And now I'm terrified of them.
And I don't necessarily want to go for ride on this.
It seems really fun.
It seems like in the same territory as like wing suiting.
Like as a kid, I was like, I'm definitely going to become a pro wingstuting.
suitor, no doubt. Put me in.
Put me in.
Like, give me the Red Bull livery on my wingsuit.
I'm 100% doing it. And then I looked at the actual stats of how dangerous wing suiting is and
it was like, I will never be wingsuiting. I will be watching Red Bull videos of wing suiting.
Yeah, leave it to the Red Bull. How do you even make this safe? This is.
So they're calling it the air bike. Yep. It's very cool that they built this.
Very, very, very cool. I wonder, I wonder how it commercializes. Um, I wonder,
like where does this go?
What use case is it?
I mean,
it's also crazy on the link.
I have no idea who's building this on the LinkedIn.
Yeah.
It has one guy on it.
Okay.
And Tomaz Patan.
And it seems like where is this?
He's in Poland.
Okay.
Apparently the only person working on this company.
Solo dev.
Solopreneur.
Okay, so he's also the founder of Jetson, which is the EVTal company.
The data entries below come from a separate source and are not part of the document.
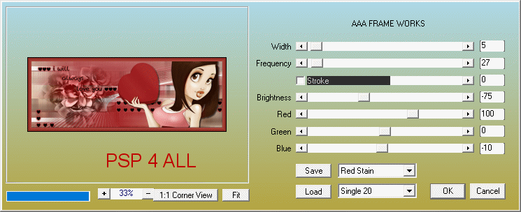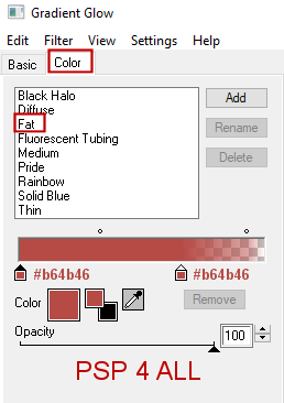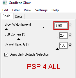STEP 2 Add a layer and fill with white. Layers > New Mask Layer > From Image and select Narah_Mask_1166. Click on OK. Layers > Merge > Merge group. Add a layer and fill with white. Layers > New Mask Layer > From Image and select Narah_Mask_1258. Click on OK. Layers > Merge > Merge group. STEP 3 Add the flowers on the left. Layer Properties > Blend mode on Luminance (Legacy). Add a Drop Shadow : 4, 4, 70, 7. Add the tube on the right. Apply the same Drop shadow. STEP 4 Add the text on 3 lines: ♥♥♥ i will always love you ♥♥♥, or one of your choice, with the font Love is a many complicated thing, in noir. Click on the underscore _ to make the heart. Effects > Plugins > Eye Candy 4000 > Gradient Glow. Color > Click on Fat. Change the colour
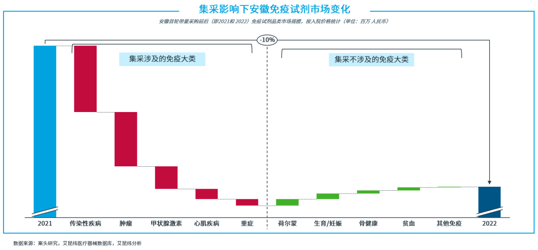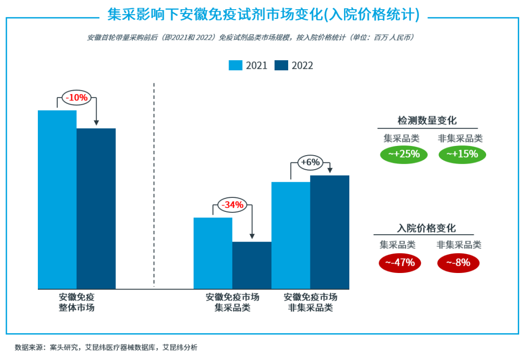 自2021安徽首次对免疫类体外诊断(IVD)检测试剂试行带量采购(VBP)后,多个省市积极参与摸索更多品类、更大范围的体外诊断试剂带量采购。在多方试点探索下,由多种报量机制、分组规则等协同导致的市场格局也发生巨大变化。同时,随着技耗分离等研究的逐渐厘清,VBP将以更快的步伐席卷整个IVD领域。本文将围绕2021至2022年期间安徽省免疫类体外诊断检测试剂入院端的市场规模、免疫检测不同品类增长趋势、IVD厂商竞争格局、单机及流水线检测设备增量等维度来全面复盘本轮集采的影响以及探讨企业如何做好后续集采的应标和执行策略的启示。
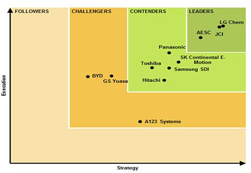 在美國咨詢公司Navigant Research的全球十大鋰離子電池供應商排行榜中,韓國LG化學排名第一,三星也榜上有名。Navigant Research認為,無論從技術、市場戰略還是企業執行力上看,LG化學都是當之無愧的電池行業領軍者。
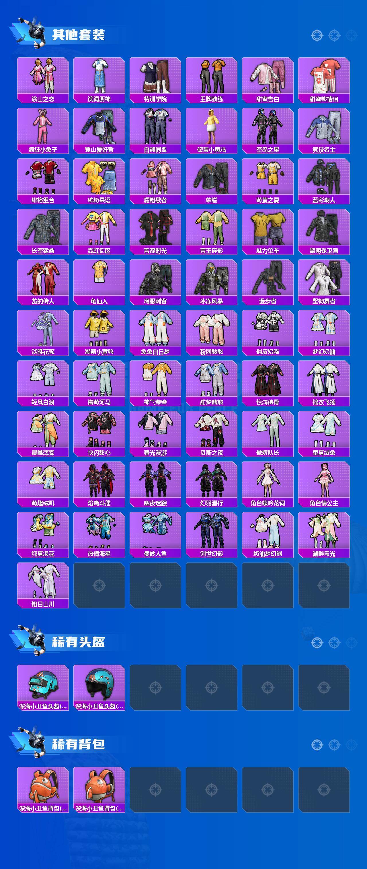 【粉色套装】:粉装-缤纷油彩,粉装-放客神游,粉装-星空之魅,粉装-彩虹鹿灵,粉装-岚岚物语,粉装-霁雪冰心,粉装-彩虹甜喵,粉装-冰川粉黛,粉装-冰川幽秘,粉装-冰川红玫,粉装-寒光使者,粉装-第五大道,粉装-纯珍童话,角色-呆萌星弥,粉装-蜜语绒猫,角色-小蓝,套装-创世·救赎

Okay, so we built this on the side.
So, yeah.
Little side project.
Built to speeder bike.
He's in Poland.
I wonder if there's a defense tech application.
There's off, anytime you can put something in the air and make it move fast, there's usually.
I mean, if you're worried about a minefield and you need to get from one place to another,
maybe this is a good way to get around.
And if you're really trained because you're in the military, you're not just some casual person
gone for a flight, like could be safer than trying to walk through a minefield.
True.
Of course, like you are a pretty big target up there.
It looks like he's wearing some sort of.
Yeah, I mean, the way to think about this is, this is a, you could also imagine this as a drone, right?
There doesn't need to be a human on it.
So it's powered by jet propulsion.
It's designed to carry one person at speeds up to 124 miles an hour.
That's so fast.
And what makes it possible is they have the stabilization system.
onboard flight computer.
Yep.
And anyways, I mean, this looks like a beautiful future.
It's just like how safe does it need to get
until I'll be ripping one of these from Malibu
into the studio every morning.
I don't even ride a motorcycle.
So I don't know.
I'm more likely to go to the moon, I think,
than rip around on one of these.
It seems like you have to be.
Very doomer pill, John.
You don't think they can make this.
Maybe they make it so, so safe that it's,
that it's, you know, flyable by anyone, certifiable by anyone.
It's just so easy to drive that, you know, there's no risk.
Then, yeah, maybe I'd give it a try.
It looks rare, very fun.
It does look very fun.
Yeah, one solution is it becomes, like, fully autonomous,
and you don't have this sort of, like, human saying,
I'm going to take this turn a little faster.
Yeah, but still be cool to have a drone that you could ride on it.
That would take you around to places.
Then you're just back in Evital territory, right?
I don't know.
Yeah.
I guess this is not E-V-Tol because it's not electric motors, jet propulsion.
But imagine when this thing gets to the point where you can just, like, fly it up a mountain.
That will be crazy.
You're going to be able to take these skiing.
Just everyone's waiting in line at Everest and you're just bombing up to the top.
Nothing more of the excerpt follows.